Re: [Patch] NFC: trf7970a:

[Geoff Lansberry <geoff@kuvee.com>]

On Wed, Dec 14, 2016 at 12:10 PM, Mark Greer <mgreer@animalcreek.com> wrote:
> On Wed, Dec 14, 2016 at 11:17:33AM -0500, Geoff Lansberry wrote:
>> On Wed, Dec 14, 2016 at 10:57 AM, Mark Greer <mgreer@animalcreek.com> wrote:
>> >
>> > On Tue, Dec 13, 2016 at 08:50:04PM -0500, Geoff Lansberry wrote:
>> > > Hi Mark -  Thanks for getting back to me.   It's funny that you ask,
>> > > because we are currently chasing a segfault that is happening in neard, but
>> > > may end up back in the trf7970a driver.   Have you ever heard on anyone
>> > > having segfault problems related to the trf7970a hardware drivers?
>> >
>> > No.  Mind sharing more info on that segfault?
>> >
>> > > I'll get you an update later tonight or tomorrow.
>> >
>> > Okay, thanks.
>> >
>> > Mark
>> > --
>>
>> Mark - The segfault issue is only happening on writing, The work on
>> the segfault is being done by a consultant, but here is his statement
>> on how to recreate it on our build:
>>
>> I am able to reliably force neard to segfault by flooding it with
>> write requests.
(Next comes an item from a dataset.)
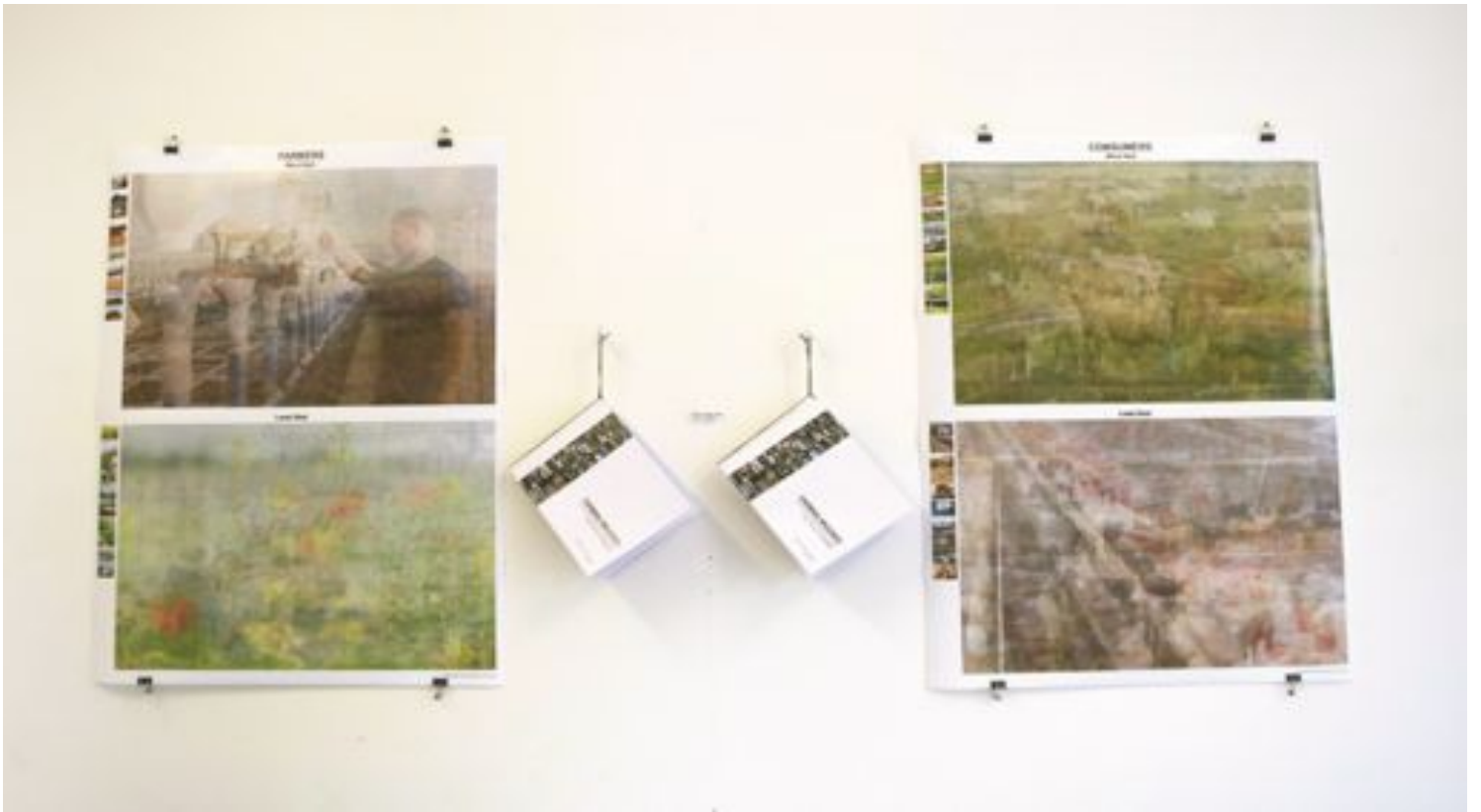
Katie Knapp: Farming Imagined

I have attached a python script called flood.py that
>> can be used to do this. The script uses utilities that ship with
>> neard.
>>
>> The segfault does not appear deterministic. It usually happens within
>> 1000 writes, but the time can varying greatly. The logs output from
>> neard are inconsistent between crashes, which suggests this may be a
>> timing or race condition related issue.
>>
>> I have been running neard manually to obtain the log information and a
>> core file for debugging (attached). I run neard as,
>>
>>   $ /usr/lib/neard/nfc/neard -d -n
>>
>> In a separate terminal I run,
>>
>>   $ python flood.py
>>
>> And the resulting core file provides the following backtrace,
>>
>> (gdb) bt
>> #0  0xb6caed64 in ?? ()
>> #1  0x0001ed7c in data_recv (resp=0x5bd90 "", length=17, data=0x58348)
>> at plugins/nfctype2.c:156
>> #2  0x00024ecc in execute_recv_cb (user_data=0x5bd88) at src/adapter.c:979
>> #3  0xb6e70d60 in ?? ()
>> Backtrace stopped: previous frame identical to this frame (corrupt stack?)
>> (gdb)
>>
>> The line at nfctype2.c:156 contains a memcpy operation.
>
> Thanks Geoff.
>
> What are the values of the arguments to memcpy()?
>
> I will look at it later today/tomorrow but if you have another NFC device
> to test with, it would help isolate whether it is neard or the trf7970a
> driver.  The driver shouldn't be able to make neard crash like this but
> who knows.
>
> You could also try testing older versions of neard to see if they also
> fail and if not, start bisecting from there.  Maybe test a different
> tag type too.
>
> Mark
> --
Mark - We can't seem to get gdb to run on our board, so we can't see
the exact arguments.  Here is what our consultant has to say about
your question:


The backtrace seems to indicate that the error is occurring in neard,
not the driver.

Since the driver is built as a module, your kernel won't crash if
there is a problem in it, but you should be told that the error is
originating in the module.

It is also possible that the NFC driver does have a non-fatal problem
in it (such as returning unexpected data) that is propagating to neard
and causing the error there.


Of course, it is also worth noting:

Backtrace stopped: previous frame identical to this frame (corrupt stack?)

and the same address appearing twice -- what I would assume to be your
memcpy address, since that is the last call made on a given source
line. If the stack is corrupt, then the error could very well
originate in the driver and not neard.